==== EXERCISE MATERIALS ====
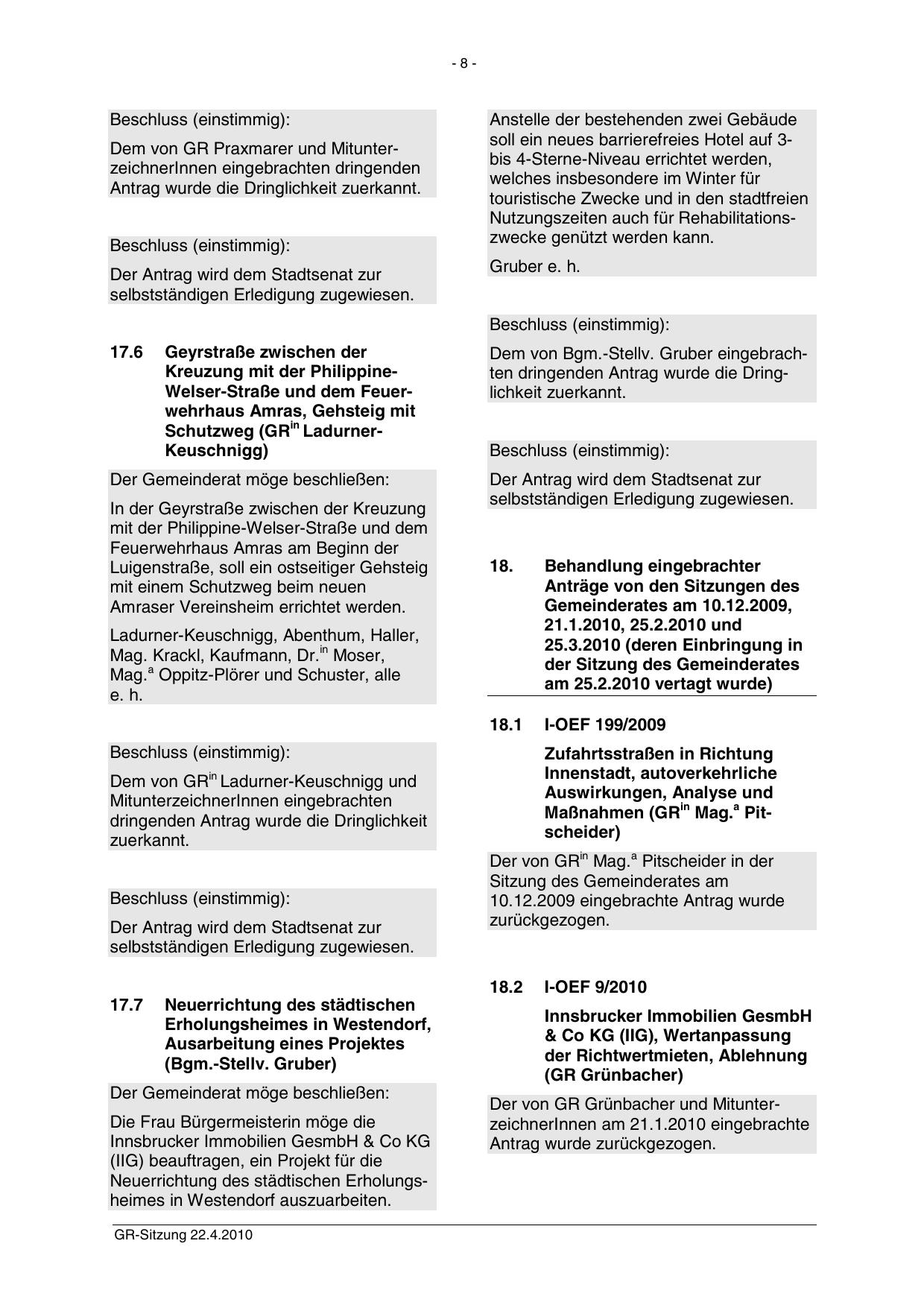 Der von GR Grünbacher und MitunterzeichnerInnen am 21.1.2010 eingebrachte
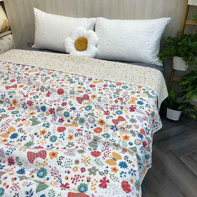 Chăn lẻ 100% cotton thoáng mát, ghép chần mềm mịn. Hàng xuất Hàn
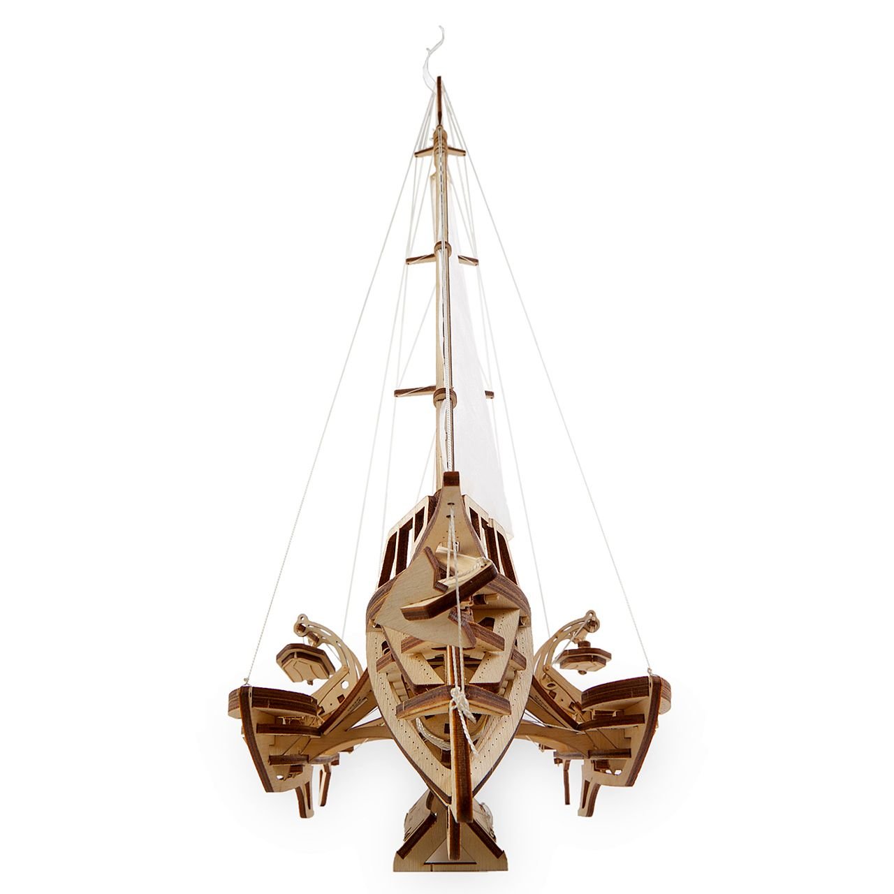 Designerii Ugears au folosit un fir alb puternic, dar subtire, pentru tachetarea barcii. Acesta asigura ca structura acesteia sa ramana neteda si usoara.
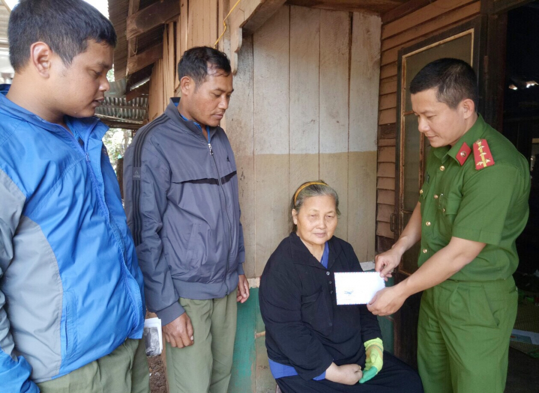 | Cán bộ Đội Cảnh sát Quản lý hành chính về trật tự xã hội tặng quà cho người dân già yếu được cấp CMND tại nhà. |
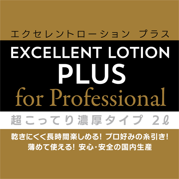 エクセレントローションプラス「150mlタイプ(v01908)」「360mlタイプ(v01905)」に2Lペットボトル容器にたっぷり入ったお得な大容量サイズか登場!糸引きはプロ仕様で安心度の高い日本製♪好みに合わせて薄めて使用することも可能です。
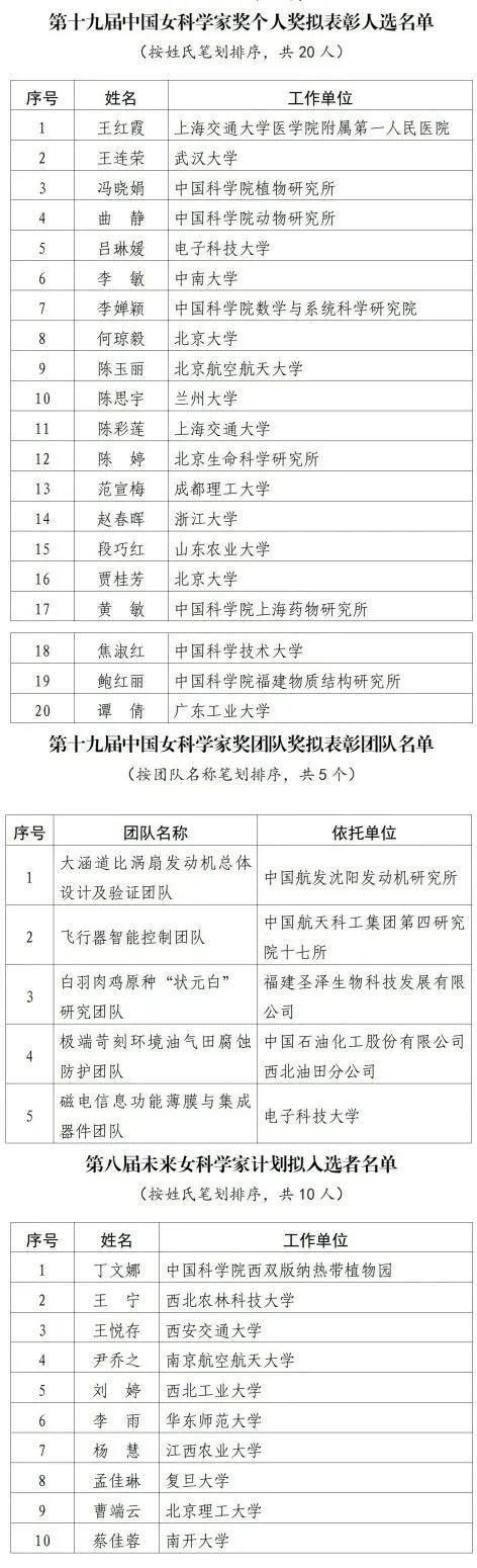 【科奖中心公众号】重磅!第十九届中国青年女科学家奖拟表彰对象和第八届未来女科学家计划拟入选者公布
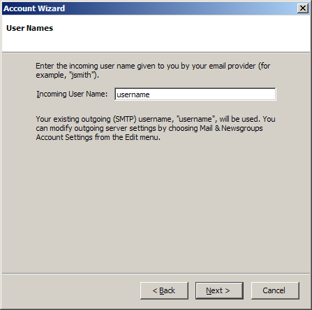 User Name = Enter your e-mail username (everything before the @).
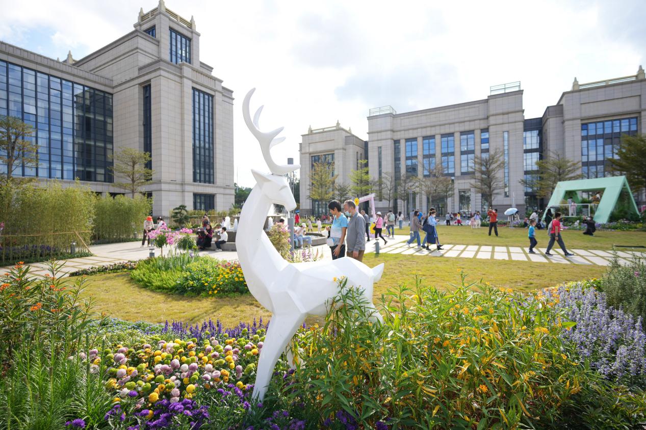 走進深北莫,處處皆是“打卡圣地”。學校正門設有“俄羅斯方塊”創(chuàng)意門頭。步入校園,“椅子花園”、“春回大地花境”、“青春樂章”等12個主題花境和兔年快樂打卡點在花市區(qū)域呈現(xiàn),營造濃厚的節(jié)日氛圍。
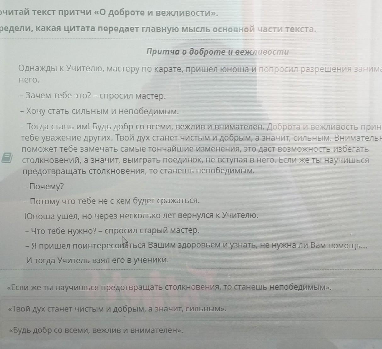 Прочитай текст притчи «О доброте и вежливости».
====
*EXERCISE BRIEF*
Except for the pictures, copy the material above exactly.

*RESULT OF THE TASK*
 Der von GR Grünbacher und MitunterzeichnerInnen am 21.1.2010 eingebrachte
 Chăn lẻ 100% cotton thoáng mát, ghép chần mềm mịn. Hàng xuất Hàn
 Designerii Ugears au folosit un fir alb puternic, dar subtire, pentru tachetarea barcii. Acesta asigura ca structura acesteia sa ramana neteda si usoara.
 | Cán bộ Đội Cảnh sát Quản lý hành chính về trật tự xã hội tặng quà cho người dân già yếu được cấp CMND tại nhà. |
 エクセレントローションプラス「150mlタイプ(v01908)」「360mlタイプ(v01905)」に2Lペットボトル容器にたっぷり入ったお得な大容量サイズか登場!糸引きはプロ仕様で安心度の高い日本製♪好みに合わせて薄めて使用することも可能です。
 【科奖中心公众号】重磅!第十九届中国青年女科学家奖拟表彰对象和第八届未来女科学家计划拟入选者公布
 User Name = Enter your e-mail username (everything before the @).
 走進深北莫,處處皆是“打卡圣地”。學校正門設有“俄羅斯方塊”創(chuàng)意門頭。步入校園,“椅子花園”、“春回大地花境”、“青春樂章”等12個主題花境和兔年快樂打卡點在花市區(qū)域呈現(xiàn),營造濃厚的節(jié)日氛圍。
 Прочитай текст притчи «О доброте и вежливости».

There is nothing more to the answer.